### EXERCISE AIM
The expected answer is the data below, printed verbatim without its pictures.
== DATA PROVIDED
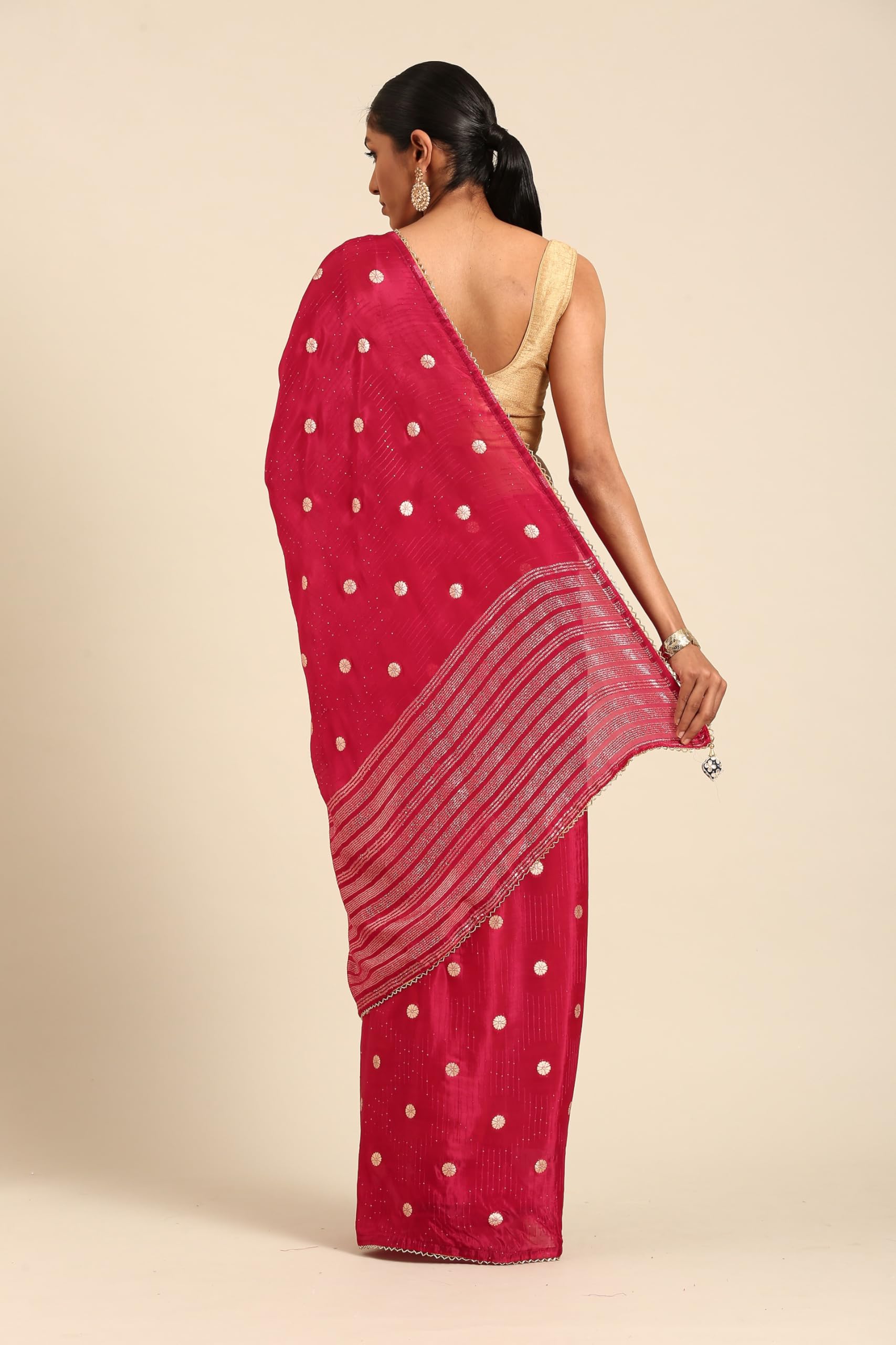 MOHEY Women's Rani Art Silk Stone Work| Zari Weave Saree (RANI)
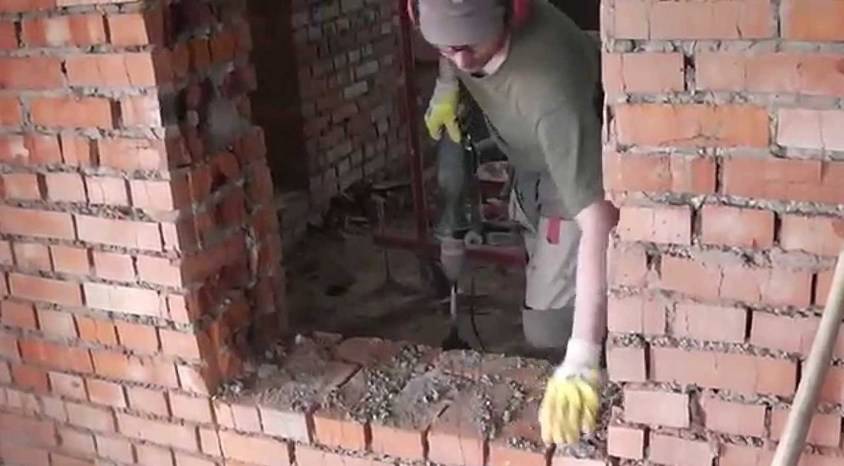 - Разбирается стена молотком и перфоратором. В этом случае просверливаются в нескольких местах стены отверстия, ослабляющие кирпичную кладку.
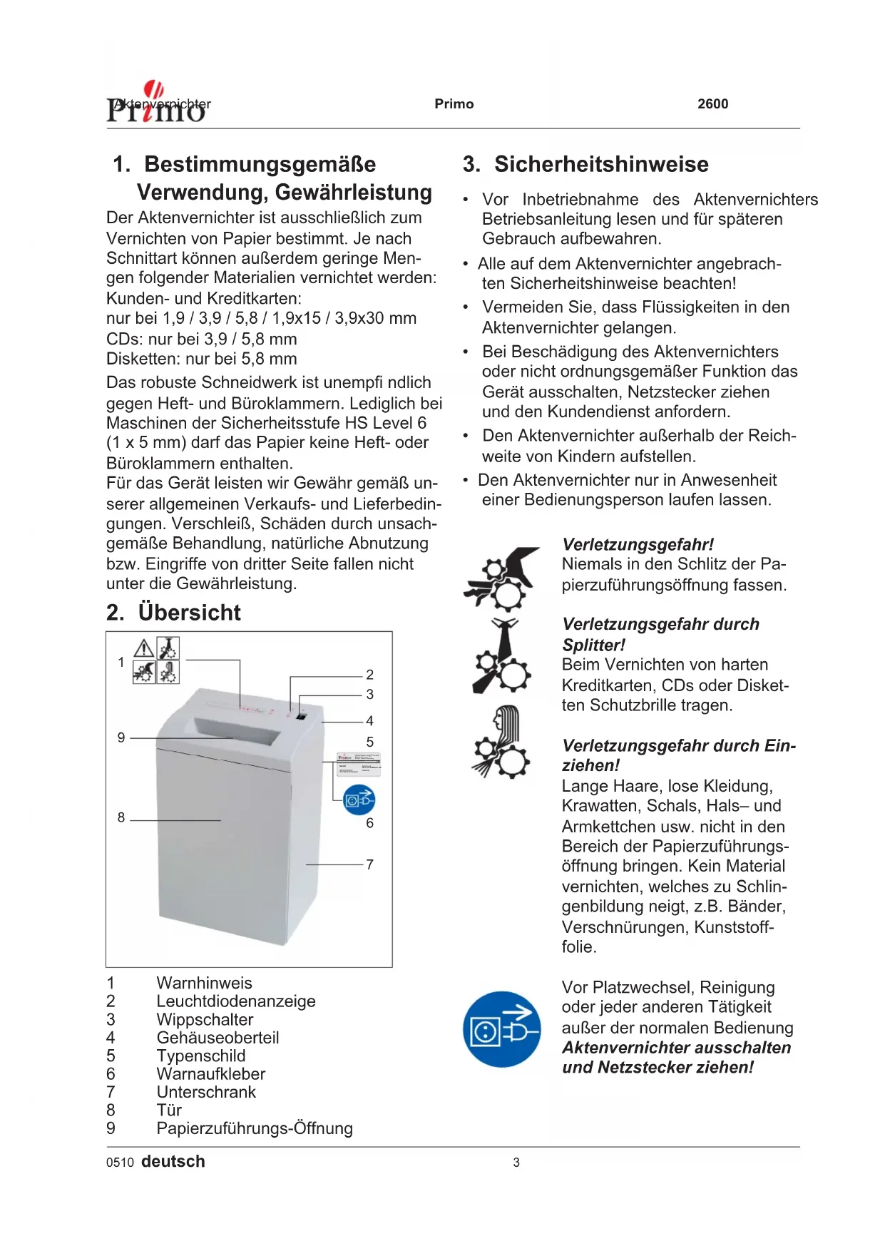 CDs: nur bei 3,9 / 5,8 mm Disketten: nur bei 5,8 mm Das robuste Schneidwerk ist unempfi ndlich gegen Heft- und Büroklammern. Lediglich bei Maschinen der Sicherheitsstufe HS Level 6 (1 x 5 mm) darf das Papier keine Heft- oder Büroklammern enthalten. Für das Gerät leisten wir Gewähr gemäß un- serer allgemeinen Verkaufs- und Lieferbedin- gungen. Verschleiß, Schäden durch unsach- gemäße Behandlung, natürliche Abnutzung bzw. Eingriffe von dritter Seite fallen nicht unter die Gewährleistung.Primo 2600 Aktenvernichter 4 deutsch 0510 Durchführung von Wartungs– und Servicearbeiten nur von:
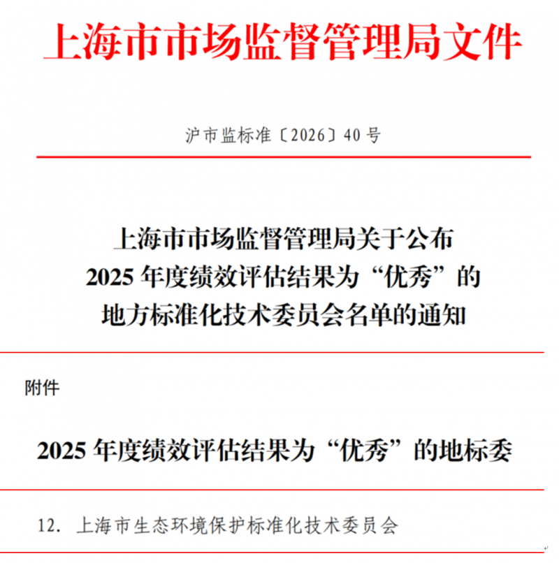 近日,上海市市场监督管理局公布了2025年度地标委绩效评估结果,经严格评审,上海市生态环境保护标准化技术委员会被评定为“优秀”。此项评定系对地标委在标准化领域履职成效与综合能力的权威认可,体现了在推动地方标准化体系建设中的重要地位与引领作用。
====
### RESPONSE FOR THIS EXERCISE
 MOHEY Women's Rani Art Silk Stone Work| Zari Weave Saree (RANI)
 - Разбирается стена молотком и перфоратором. В этом случае просверливаются в нескольких местах стены отверстия, ослабляющие кирпичную кладку.
 CDs: nur bei 3,9 / 5,8 mm Disketten: nur bei 5,8 mm Das robuste Schneidwerk ist unempfi ndlich gegen Heft- und Büroklammern. Lediglich bei Maschinen der Sicherheitsstufe HS Level 6 (1 x 5 mm) darf das Papier keine Heft- oder Büroklammern enthalten. Für das Gerät leisten wir Gewähr gemäß un- serer allgemeinen Verkaufs- und Lieferbedin- gungen. Verschleiß, Schäden durch unsach- gemäße Behandlung, natürliche Abnutzung bzw. Eingriffe von dritter Seite fallen nicht unter die Gewährleistung.Primo 2600 Aktenvernichter 4 deutsch 0510 Durchführung von Wartungs– und Servicearbeiten nur von:
 近日,上海市市场监督管理局公布了2025年度地标委绩效评估结果,经严格评审,上海市生态环境保护标准化技术委员会被评定为“优秀”。此项评定系对地标委在标准化领域履职成效与综合能力的权威认可,体现了在推动地方标准化体系建设中的重要地位与引领作用。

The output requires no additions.